■ WHAT TO PRODUCE
Below is a block of records; reproduce all of them exactly and leave out any pictures.

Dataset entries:
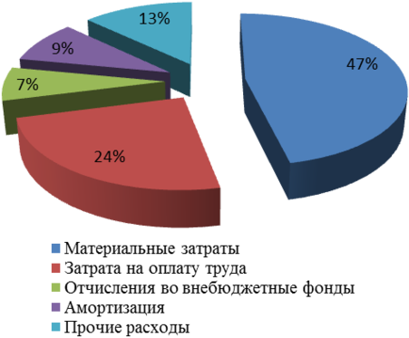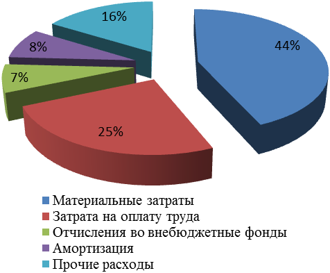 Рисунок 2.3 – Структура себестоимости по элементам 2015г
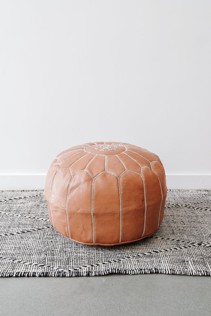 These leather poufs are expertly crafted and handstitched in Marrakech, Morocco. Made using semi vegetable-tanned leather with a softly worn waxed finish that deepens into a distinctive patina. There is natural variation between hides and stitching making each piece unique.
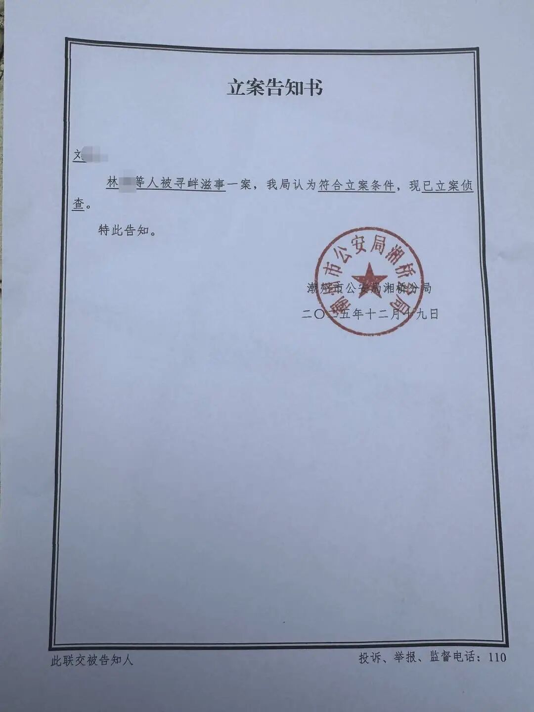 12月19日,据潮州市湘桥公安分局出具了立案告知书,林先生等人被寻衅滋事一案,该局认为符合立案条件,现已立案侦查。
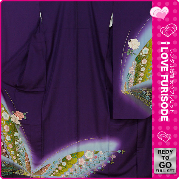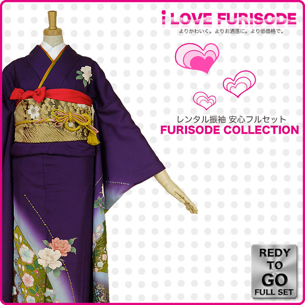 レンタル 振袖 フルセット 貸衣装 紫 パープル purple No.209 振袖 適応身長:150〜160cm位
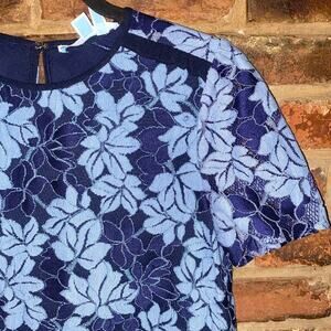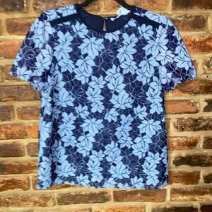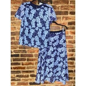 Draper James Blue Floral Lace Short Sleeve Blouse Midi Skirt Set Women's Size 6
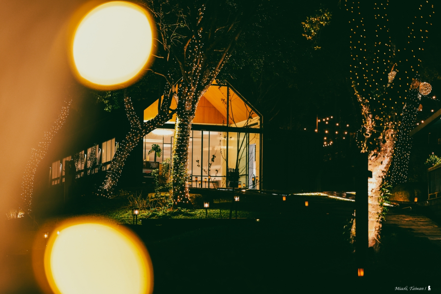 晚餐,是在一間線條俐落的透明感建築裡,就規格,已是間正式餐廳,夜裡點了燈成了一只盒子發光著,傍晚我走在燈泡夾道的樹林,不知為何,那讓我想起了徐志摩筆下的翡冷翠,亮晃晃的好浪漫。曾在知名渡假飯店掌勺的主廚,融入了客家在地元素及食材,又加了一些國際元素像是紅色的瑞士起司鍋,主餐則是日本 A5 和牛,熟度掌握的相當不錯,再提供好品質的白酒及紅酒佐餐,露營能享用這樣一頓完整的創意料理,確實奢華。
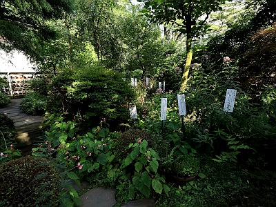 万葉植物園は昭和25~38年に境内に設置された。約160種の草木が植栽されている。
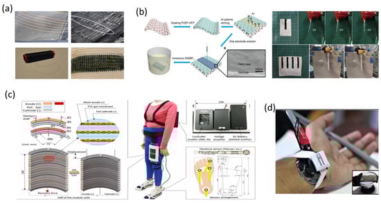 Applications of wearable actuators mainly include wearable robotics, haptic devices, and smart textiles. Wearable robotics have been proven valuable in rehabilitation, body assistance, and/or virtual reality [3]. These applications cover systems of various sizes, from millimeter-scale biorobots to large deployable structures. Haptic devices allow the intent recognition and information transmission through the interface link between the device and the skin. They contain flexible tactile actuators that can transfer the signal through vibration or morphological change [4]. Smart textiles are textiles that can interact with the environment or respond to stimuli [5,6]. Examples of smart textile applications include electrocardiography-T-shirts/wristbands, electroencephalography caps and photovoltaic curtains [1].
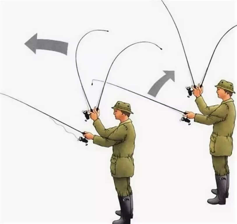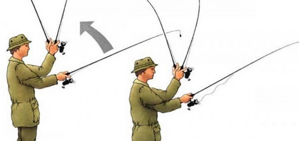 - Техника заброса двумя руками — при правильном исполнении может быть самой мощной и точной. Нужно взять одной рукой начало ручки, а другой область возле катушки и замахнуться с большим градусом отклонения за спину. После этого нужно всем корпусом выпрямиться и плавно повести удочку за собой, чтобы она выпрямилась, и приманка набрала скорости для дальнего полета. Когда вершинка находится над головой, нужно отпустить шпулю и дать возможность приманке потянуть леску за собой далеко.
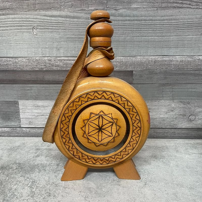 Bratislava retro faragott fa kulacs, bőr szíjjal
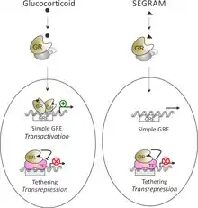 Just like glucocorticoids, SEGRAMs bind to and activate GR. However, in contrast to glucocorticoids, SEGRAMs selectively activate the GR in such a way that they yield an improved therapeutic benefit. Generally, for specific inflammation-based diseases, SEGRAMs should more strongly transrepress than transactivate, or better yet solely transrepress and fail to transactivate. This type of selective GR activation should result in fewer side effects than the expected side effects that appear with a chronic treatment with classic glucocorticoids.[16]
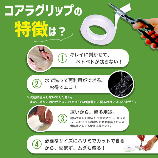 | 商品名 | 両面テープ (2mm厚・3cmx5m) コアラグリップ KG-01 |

■ EXERCISE ANSWER
 Рисунок 2.3 – Структура себестоимости по элементам 2015г
 These leather poufs are expertly crafted and handstitched in Marrakech, Morocco. Made using semi vegetable-tanned leather with a softly worn waxed finish that deepens into a distinctive patina. There is natural variation between hides and stitching making each piece unique.
 12月19日,据潮州市湘桥公安分局出具了立案告知书,林先生等人被寻衅滋事一案,该局认为符合立案条件,现已立案侦查。
 レンタル 振袖 フルセット 貸衣装 紫 パープル purple No.209 振袖 適応身長:150〜160cm位
 Draper James Blue Floral Lace Short Sleeve Blouse Midi Skirt Set Women's Size 6
 晚餐,是在一間線條俐落的透明感建築裡,就規格,已是間正式餐廳,夜裡點了燈成了一只盒子發光著,傍晚我走在燈泡夾道的樹林,不知為何,那讓我想起了徐志摩筆下的翡冷翠,亮晃晃的好浪漫。曾在知名渡假飯店掌勺的主廚,融入了客家在地元素及食材,又加了一些國際元素像是紅色的瑞士起司鍋,主餐則是日本 A5 和牛,熟度掌握的相當不錯,再提供好品質的白酒及紅酒佐餐,露營能享用這樣一頓完整的創意料理,確實奢華。
 万葉植物園は昭和25~38年に境内に設置された。約160種の草木が植栽されている。
 Applications of wearable actuators mainly include wearable robotics, haptic devices, and smart textiles. Wearable robotics have been proven valuable in rehabilitation, body assistance, and/or virtual reality [3]. These applications cover systems of various sizes, from millimeter-scale biorobots to large deployable structures. Haptic devices allow the intent recognition and information transmission through the interface link between the device and the skin. They contain flexible tactile actuators that can transfer the signal through vibration or morphological change [4]. Smart textiles are textiles that can interact with the environment or respond to stimuli [5,6]. Examples of smart textile applications include electrocardiography-T-shirts/wristbands, electroencephalography caps and photovoltaic curtains [1].
 - Техника заброса двумя руками — при правильном исполнении может быть самой мощной и точной. Нужно взять одной рукой начало ручки, а другой область возле катушки и замахнуться с большим градусом отклонения за спину. После этого нужно всем корпусом выпрямиться и плавно повести удочку за собой, чтобы она выпрямилась, и приманка набрала скорости для дальнего полета. Когда вершинка находится над головой, нужно отпустить шпулю и дать возможность приманке потянуть леску за собой далеко.
 Bratislava retro faragott fa kulacs, bőr szíjjal
 Just like glucocorticoids, SEGRAMs bind to and activate GR. However, in contrast to glucocorticoids, SEGRAMs selectively activate the GR in such a way that they yield an improved therapeutic benefit. Generally, for specific inflammation-based diseases, SEGRAMs should more strongly transrepress than transactivate, or better yet solely transrepress and fail to transactivate. This type of selective GR activation should result in fewer side effects than the expected side effects that appear with a chronic treatment with classic glucocorticoids.[16]
 | 商品名 | 両面テープ (2mm厚・3cmx5m) コアラグリップ KG-01 |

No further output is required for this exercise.